Records contained in a dataset:
::::

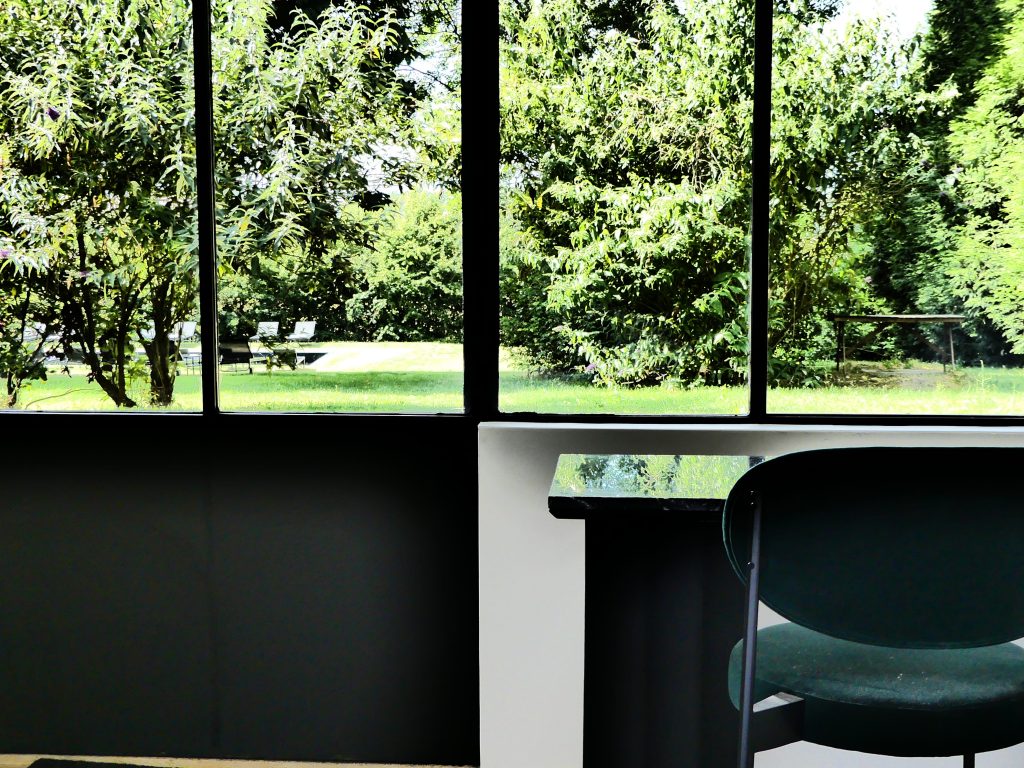 j’ai donc découvert un cocon design avec mezzanine, baigné de lumière, doté, de surcroît, d’une petite terrasse s’ouvrant sur la Nature
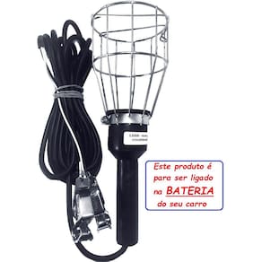 Ideal para Socorro mecânico e emergências noturnas. Produto para ser ligado na bateria do veículo com uma lâmpada específica de 12 Volts soquete E27.
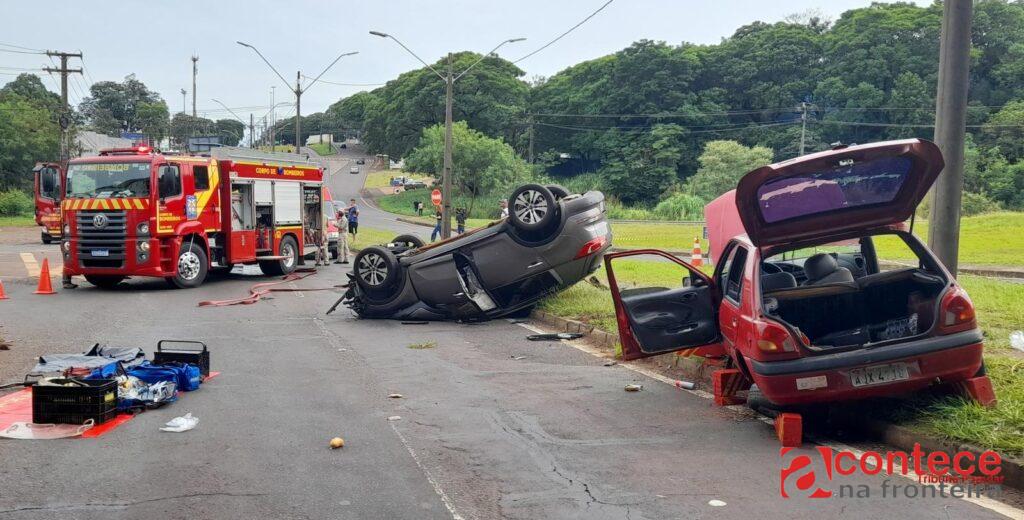 No local foi constatado a colisão do veículo Kia / Sportage, de cor cinza, de placas paraguaias BVZ-662, que trafegava pela Rua Carlos Souto Maior (Jupira) e quando foi acessar a Avenida Tancredo Neves, colidiu violentamente no veículo Ford / Fiesta, de cor vermelho, de placas AJX-4718 de Foz do Iguaçu que trafegava pela Av. Tancredo Neves.
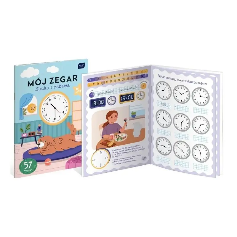 Ćwiczenia w książeczce pomagają w nauce posługiwania się zegarem. Są wspaniałą propozycją dla tych, którzy mają z tym trudności. Książeczka polecana nauczycielom jako pomoc dydaktyczna oraz dzieciom do nauki i zabawy w domu.
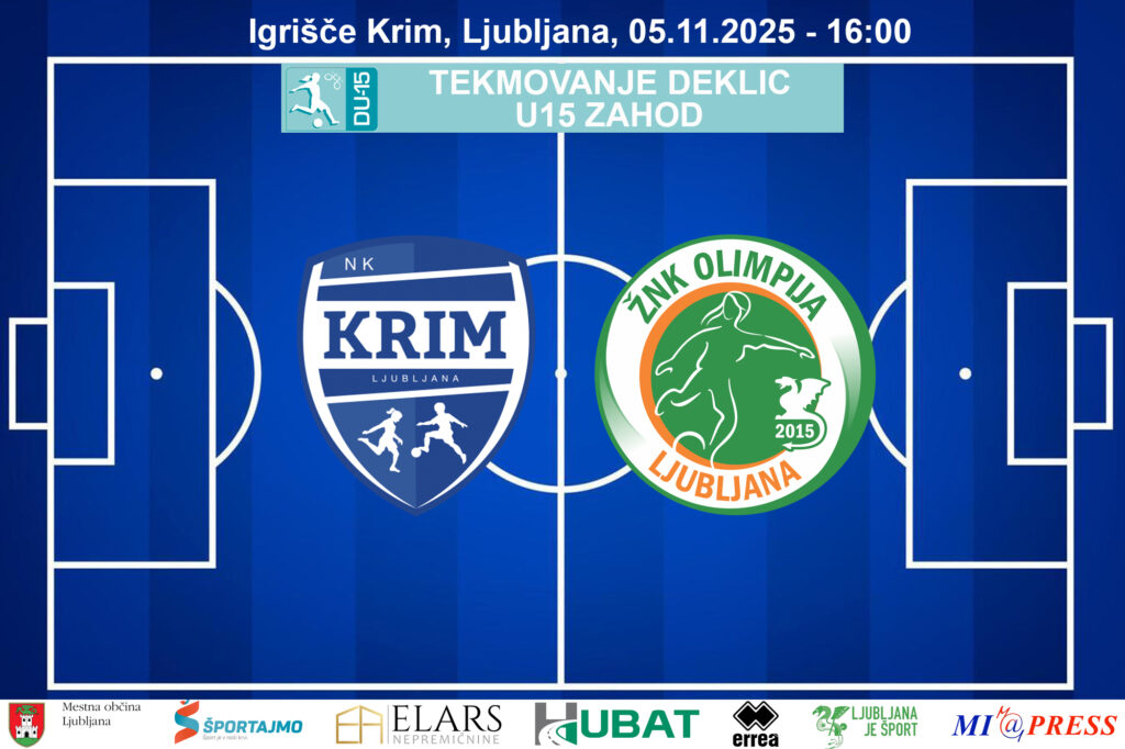 Nov42025Novice ženskeKrim Hubat – ŽNK Olimpija, Tekmovanje deklic DU15, Igrišče Krim, Ljubljana, 05.11.2025 – 16:00 4 novembra, 2025Post navigationPreviousPrevious post:Napoved tekme DU13 Krim Hubat – NK BrinjeNextNext post:DU13 Krim Hubat – NK BrinjeRelated PostsSŽNL licenca za sezono 2026/2730 aprila, 2026Foto galerija tekme ŽNK Olimpija – Krim PC Bolit26 aprila, 2026Trener Žiga Grgasović izjava po tekmi26 aprila, 2026Poraz od Olimpije26 aprila, 2026Začetna postava za mestni derbi z Olimpijo26 aprila, 2026DU15 zmaga za polfinale26 aprila, 2026

::::

## TRY IT
Restate word for word the lines of the data above that begin at the line with "No local foi" and end at the line with "Ćwiczenia w książeczce", keeping both ends and dropping every picture.

## ANSWER TO THIS TASK
 No local foi constatado a colisão do veículo Kia / Sportage, de cor cinza, de placas paraguaias BVZ-662, que trafegava pela Rua Carlos Souto Maior (Jupira) e quando foi acessar a Avenida Tancredo Neves, colidiu violentamente no veículo Ford / Fiesta, de cor vermelho, de placas AJX-4718 de Foz do Iguaçu que trafegava pela Av. Tancredo Neves.
 Ćwiczenia w książeczce pomagają w nauce posługiwania się zegarem. Są wspaniałą propozycją dla tych, którzy mają z tym trudności. Książeczka polecana nauczycielom jako pomoc dydaktyczna oraz dzieciom do nauki i zabawy w domu.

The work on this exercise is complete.